2. A possible reduced instruction set machine might support the following instructions:
· ADD rd, rs, rt
· NAND rd, rs, rt
· LUI rd, imm
· BEQ rs, rt, addr
· LW rd, (rt)
· SW rs, (rt)
· LLI rd, imm
· JALR rd, rs
Suppose that this machine has 8 general purpose registers. Also suppose that the immediate operand fields on LUI and LLI can hold any integer from -128 to 127. The width of the opcode field is the same for every instruction.
LUI (load upper immediate) and LLI (load lower immediate) allow an immediate number to be loaded into a register. LUI loads the immediate number into the exact upper half of the register specified by rd while LLI loads the immediate number into the exact lower half of rd. Assume that no instructions beside LUI and LLI are needed to get an immediate number into a register, and assume that the immediate field is the same size in LLI and LUI.
(a) Ignoring BEQ, how many bits are needed in the instruction word to support all of these instructions?
(b) If the instruction word is to contain as few bits as possible, how many bits is the BEQ instruction's address field? Assuming that BEQ uses relative addressing, how many instructions ahead can it branch to? (Consider that BEQ can branch backwards as well as forwards and assume that the BEQ PC-relative displacement value is the number of instructions of displacement.).
(c) How many bits are stored in each general purpose register?
(d) If LW and SW use register indirect addressing, how many addresses can this machine index?
3. Consider the following recursive C function:
main(){
printf("2 to the power of 5 is %d", two-power(5));
}
int two-power(int n)
{
if (n ==0)
return(1);
else
return(2 * two-power(n-1));
}
(a) Draw a representation of the stack frame for two-power(). Show what each field is intended to hold (by name).
(b) Write a DLX assembly program to implement the C program.
Please submit the following:
Printout of the .s file (assembly program) you wrote.

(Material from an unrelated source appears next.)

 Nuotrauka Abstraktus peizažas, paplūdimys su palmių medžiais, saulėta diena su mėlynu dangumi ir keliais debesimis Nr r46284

Printout of a dlxsim session of your program running for a call to two-power(5) from main(). To do so, you could cut and paste a transcript of the session into your favourite editor, eg. Emacs or vi, and then print it out.

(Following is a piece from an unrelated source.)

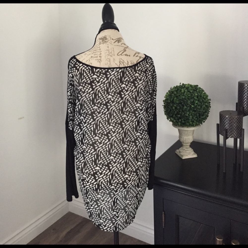 Solid black front with black and white pattern on the back. Scoop neck line. Slim fitted sleeves.
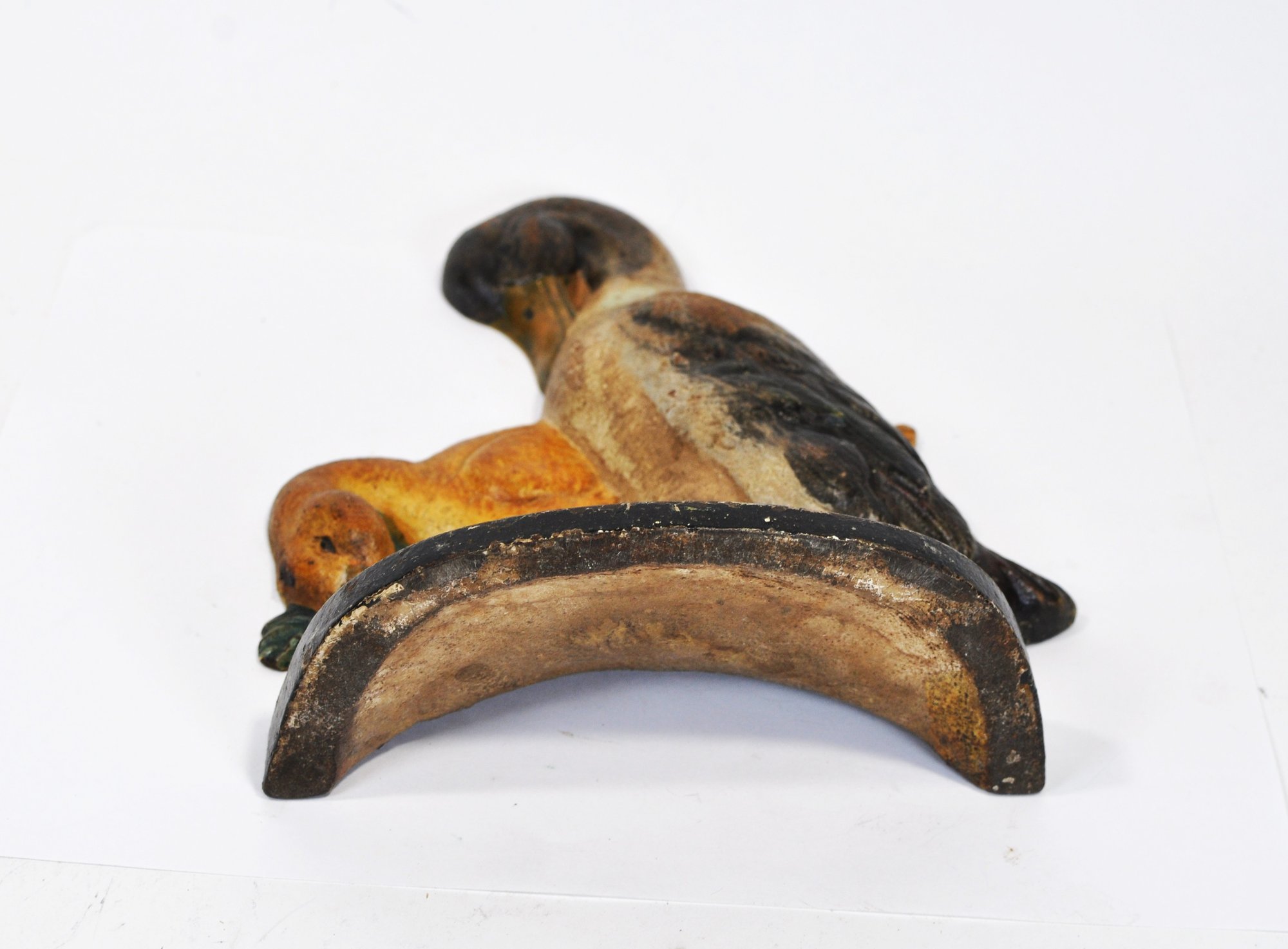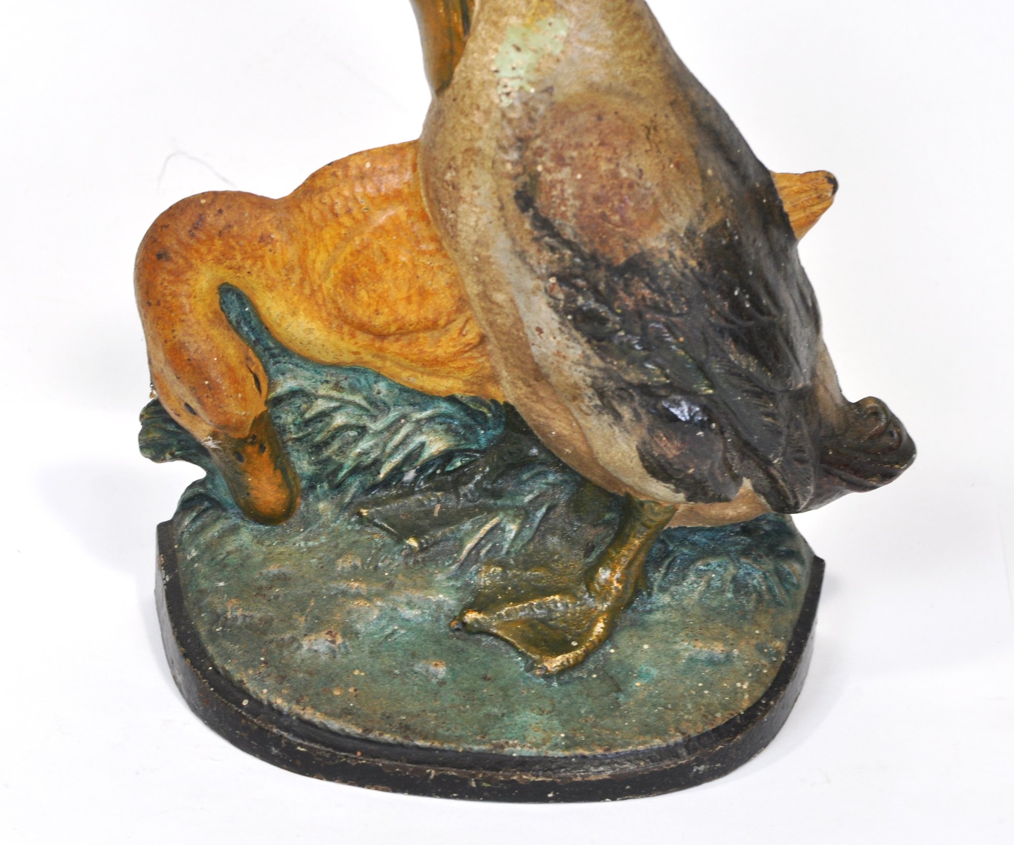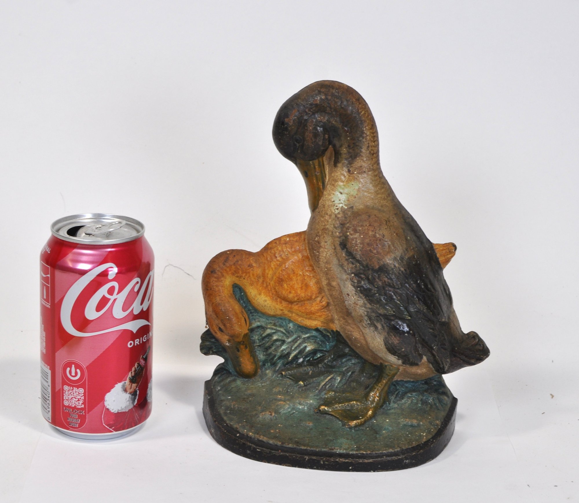 Offered is an antique cast iron duck doorstop, produced by the Hubley Toy Company, identified as Model No. 291. The doorstop depicts a duck standing protectively beside ducklings, modeled in high relief and finished in original polychrome paint with natural surface wear consistent with age and use.

Print out another dlxsim session of your program for a call to two-power(12) from main(), but this time, also use DLXSIM to tell you statistics on the program. Use the "stats" command with the "all" option in DLXSIM to do so. On your printout, highlight or circle the total number of cycles your program took to execute.
(Useful references:
Look at how the stack is addressed and grown in DLX assembly programs by looking at the examples in the ~/dlx/test/ directory.
Use the instructions on the class website for how to use the DLX software and its documentation, just like in homework 1.
A discussion on the fundamentals of the stack is in section 5.6.2 of the textbook).